[Editor’s note: This was one of the powerful and emotional statements made to the Assembly Judiciary Committee yesterday before the passed AB 374, the California Compassionate Choices Act. The legislators heard from a number of witnesses, both pro and con. If you watch the hearing (which you can on the Cal Channel arthives), you will see these committee members taking their decision on this bill very seriously. It was hard for the committee to hear testimony and not get teary.]
Good morning. My name is Louise Schaefer.
My daughter, Kim, will read my statement for me.
I live in Lincoln, in Placer County. I am 64 years old, and I graduated from San Jose State and earned a law degree from Santa Clara University.
I was a successful real estate broker in Silicon Valley before my illness forced my early retirement. I also worked at a long-term cancer ward. In that cancer ward, I saw many patients who needed better end of life choices.
I chaired the Saratoga Planning Commission and the Parks Commission.
I have also worked with disabled children, survivors of domestic violence and toxic mold survivors.
Now, I’m the one who needs your help.
You see, I have a terminal illness. I have been diagnosed with Lou Gehrig’s Disease (commonly known as ALS), for which there is no cure at all.
Experts don’t know precisely how long each patient will live with the disease. A neurologist once told me to prepare to become totally paralyzed, to be in severe pain and to prepare to die. For some patients, that takes a matter of months, but for others it can be longer, with much agony and pain. I also have brain stem cell infection from exposure to toxic mold at my place of work.
I believe the ALS set in the day I passed out at work in 2002, after being exposed to toxic mold for an extended period of time.
Prior to having this disease, I led a very active life. I was extremely social, traveled frequently, enjoyed boating, hiking, kayaking, and was a successful businesswoman.
This disease has relentlessly attacked my immune system, brain stem cells and more. I am now unable to speak; I am on tube feeding with horrible stomach pains at night.

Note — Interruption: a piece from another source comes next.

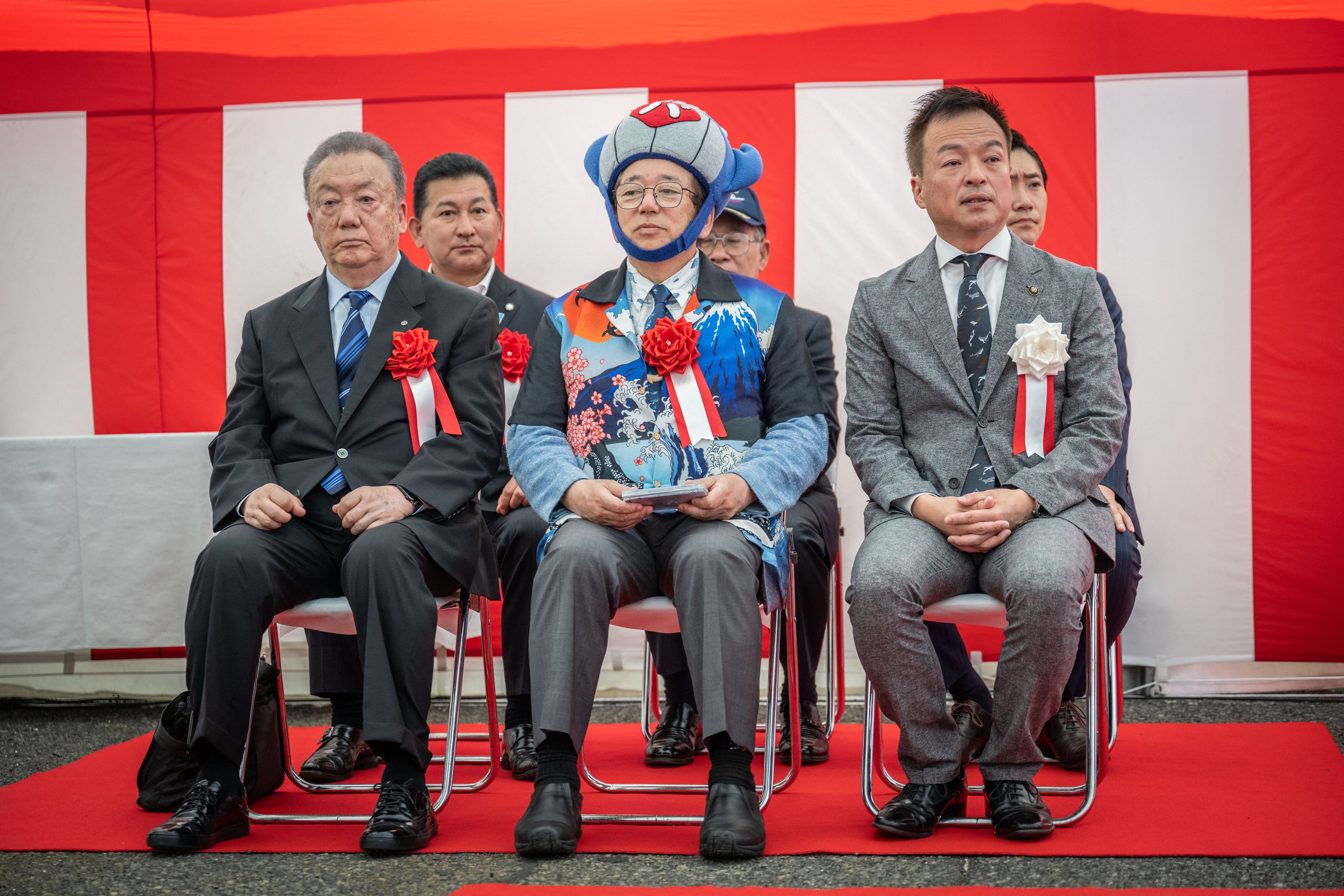 Hideki Tokoro (C), president of whaling company Kyodo Senpaku, and Shintaro Maeda (R), mayor of Shimonoseki city, attend a launch ceremony of Japan's new whaling mothership the Kangei Maru at a port in Shimonoseki city, Yamaguchi prefecture on May 21, 2024. The nearly 9,300-tonne ship set sail on its maiden hunting voyage on May 21, heralding a new era for the controversial practice defended by the government as an integral part of national culture. (Photo by Yuichi Yamazaki/AFP Photo)

What makes this even more difficult is that I am still cognizant of everything around me. My ability to hear, to comprehend and make decisions has NOT been compromised. As my body and muscles continue to atrophy, I often feel trapped in my own body.

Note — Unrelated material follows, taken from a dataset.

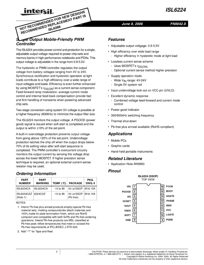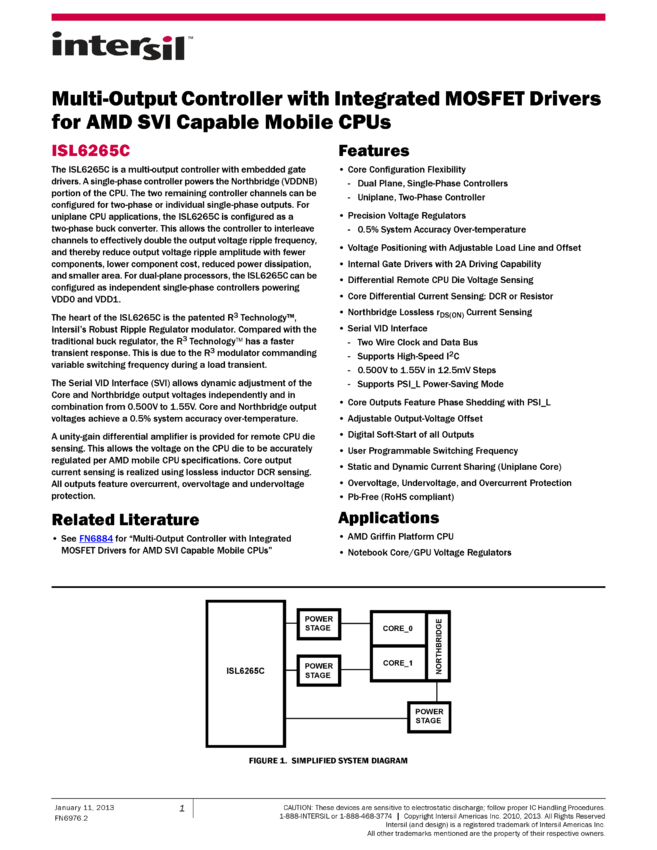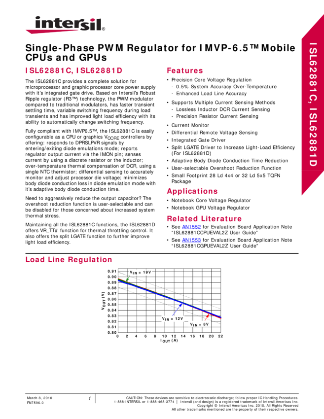 Single-Phase PWM Regulator for IMVP-6.5™ Mobile CPUs and GPUs

I have an inflated balloon in my stomach. I’m unable to lift my arms by myself. My legs are getting weaker every day and often freeze up on me. I have lost all muscle control in my neck as well. It has become more difficult to breathe and I have to sleep practically sitting up to avoid choking at night.
I believe in life, liberty and the pursuit of integrity. I believe in a life lived with purpose and according to the highest moral values. I believe an individual should be able to live the quality of life they choose. I have lived an independent, positive life, and have overcome many tough situations.
While I have had this disease, I have endured many things. I have experienced first-hand what it is like to be discriminated against because someone thinks you are disabled.
In the earlier stages of my disease, I still had my speech. It was slurred and often misconstrued as the result of intoxication. I was pulled over by a policeman who thought I had been drinking. He was going to give me a drunk test and threatened to arrest me until he realized that I was not drunk.
I can accept that people treat you differently when they think you have a disability, but that is not my reason for wanting better end of life choices.
I get great joy in living, and I would prefer to live a long life with my disabilities, rather than the much shorter one I am facing. I love my family, my home and, since losing my speaking voice, I sure do love to write notes and email.
If I had the choice to live longer even in my present ill health, believe me, I would. My desire for better end of life choices is not because I’m suicidal, but because I want better end of life choices due to this fatal disease that is consuming me.
I believe each person should have the right to make their own decisions about their own health, lives and, yes, our own deaths. I believe that when one is no longer able to live the quality of life they would like —they should have the right to have the legal option to choose to end their life in harmony with their own beliefs.
I respect that this choice is not for everyone, and all I am asking is that it be an option for those like myself who are terminally ill for when we no longer want to live with emotional and physical pain.
In America, we trust each other to worship and make important life decisions according to our own consciences. It is vital that we foster personal freedom and responsibility, and not impose one moral doctrine on everyone. I respect the beliefs and values of opponents of this bill. And I ask them to respect mine.
I strongly support the dignity, compassion and better end of life choices in AB 374.
I believe, as a terminal patient, I should have the legal choice to end life with compassion, logic and individual control.
AB 374 is so important to me, and to others facing terminal illnesses. My time is ticking. I won’t get better, only worse day-by-day. Passing this bill will bring me peace of mind and soul.
Please help patients like me to have better choices at the end of our lives.
Please pass AB 374.
Oregon set an example of death with dignity for terminal patients. California can also become a leader in aiding terminal patients by passing AB 374.